----- Data below

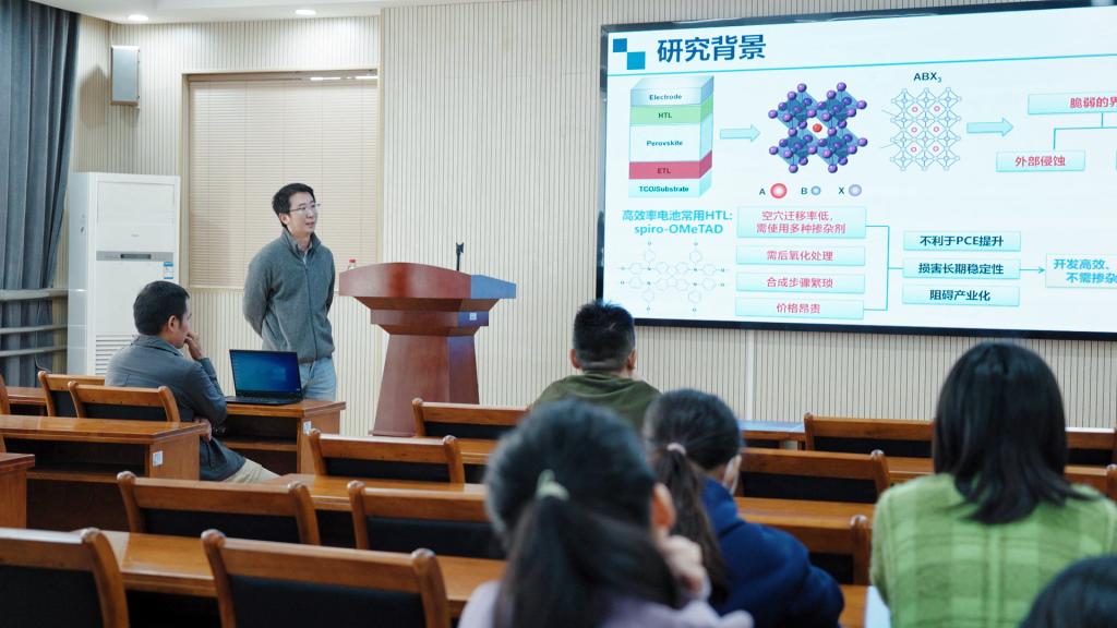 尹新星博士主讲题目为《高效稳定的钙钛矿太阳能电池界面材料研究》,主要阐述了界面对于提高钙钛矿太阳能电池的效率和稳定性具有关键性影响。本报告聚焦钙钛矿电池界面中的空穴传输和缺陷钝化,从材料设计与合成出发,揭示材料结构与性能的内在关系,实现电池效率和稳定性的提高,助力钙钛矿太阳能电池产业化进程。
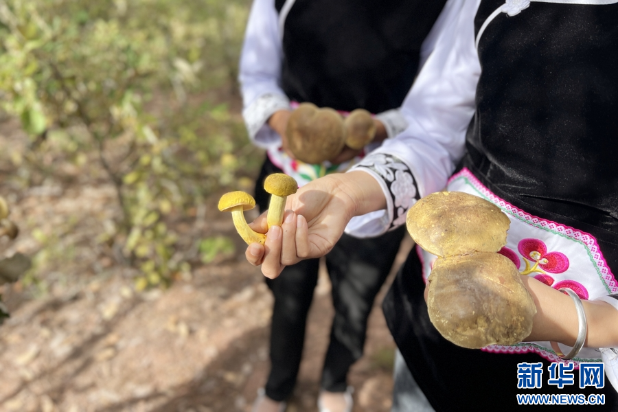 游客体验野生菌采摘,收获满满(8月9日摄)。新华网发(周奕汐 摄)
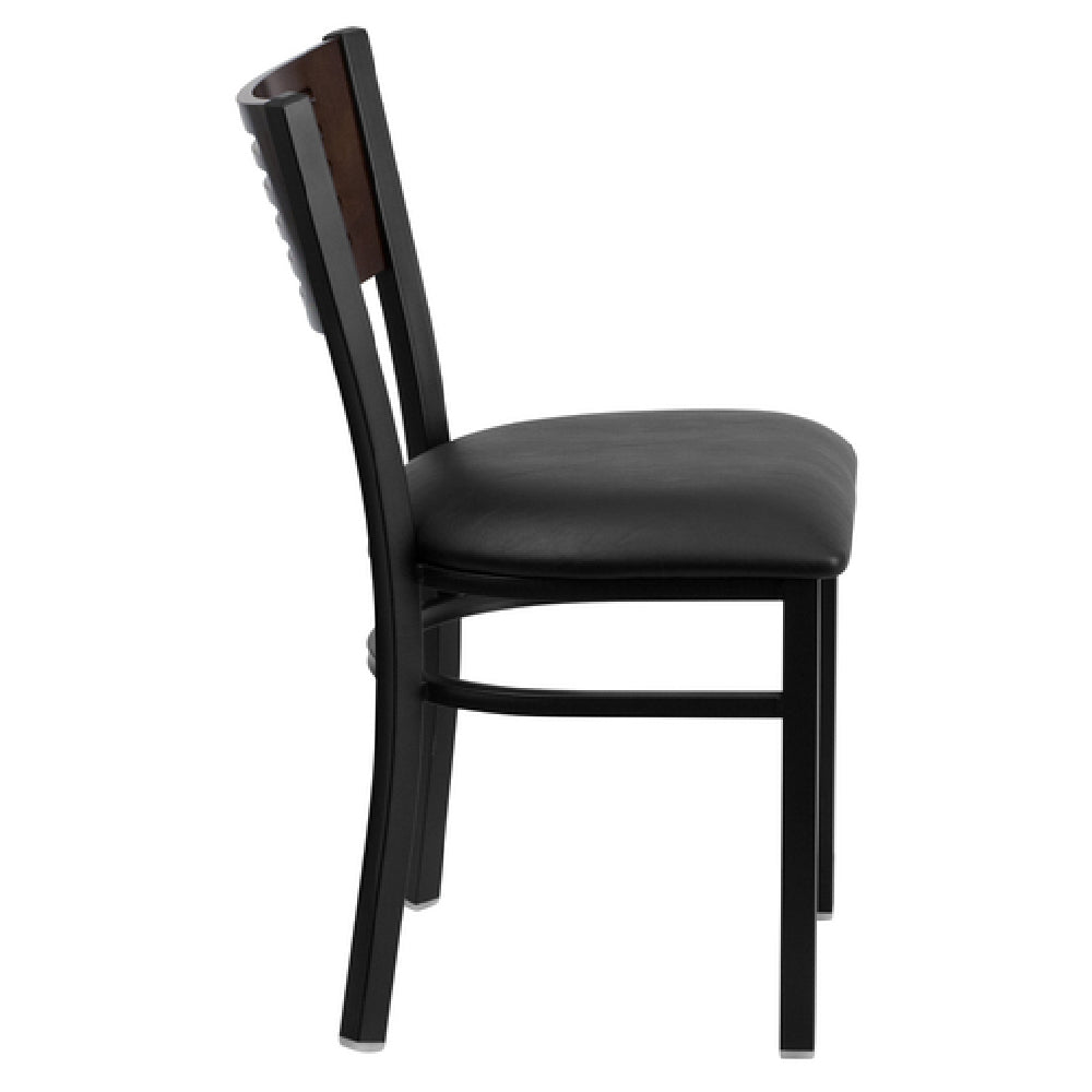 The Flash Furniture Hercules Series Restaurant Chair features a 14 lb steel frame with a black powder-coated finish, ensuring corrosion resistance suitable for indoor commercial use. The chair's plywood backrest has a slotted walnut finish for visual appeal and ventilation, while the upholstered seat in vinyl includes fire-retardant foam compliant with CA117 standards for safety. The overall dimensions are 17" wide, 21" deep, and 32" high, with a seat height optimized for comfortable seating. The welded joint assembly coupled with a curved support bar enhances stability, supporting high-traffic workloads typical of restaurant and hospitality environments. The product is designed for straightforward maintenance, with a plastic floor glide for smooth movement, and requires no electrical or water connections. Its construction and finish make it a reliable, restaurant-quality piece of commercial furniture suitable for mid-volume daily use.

----------

◆ To do:
Pictures are to be left out; otherwise, retype exactly the lines from the first line of the data through the line containing "游客体验野生菌采摘,收获满满(8月9日摄)。新华网发(周奕汐 摄)".

◆ Exercise output:
 尹新星博士主讲题目为《高效稳定的钙钛矿太阳能电池界面材料研究》,主要阐述了界面对于提高钙钛矿太阳能电池的效率和稳定性具有关键性影响。本报告聚焦钙钛矿电池界面中的空穴传输和缺陷钝化,从材料设计与合成出发,揭示材料结构与性能的内在关系,实现电池效率和稳定性的提高,助力钙钛矿太阳能电池产业化进程。
 游客体验野生菌采摘,收获满满(8月9日摄)。新华网发(周奕汐 摄)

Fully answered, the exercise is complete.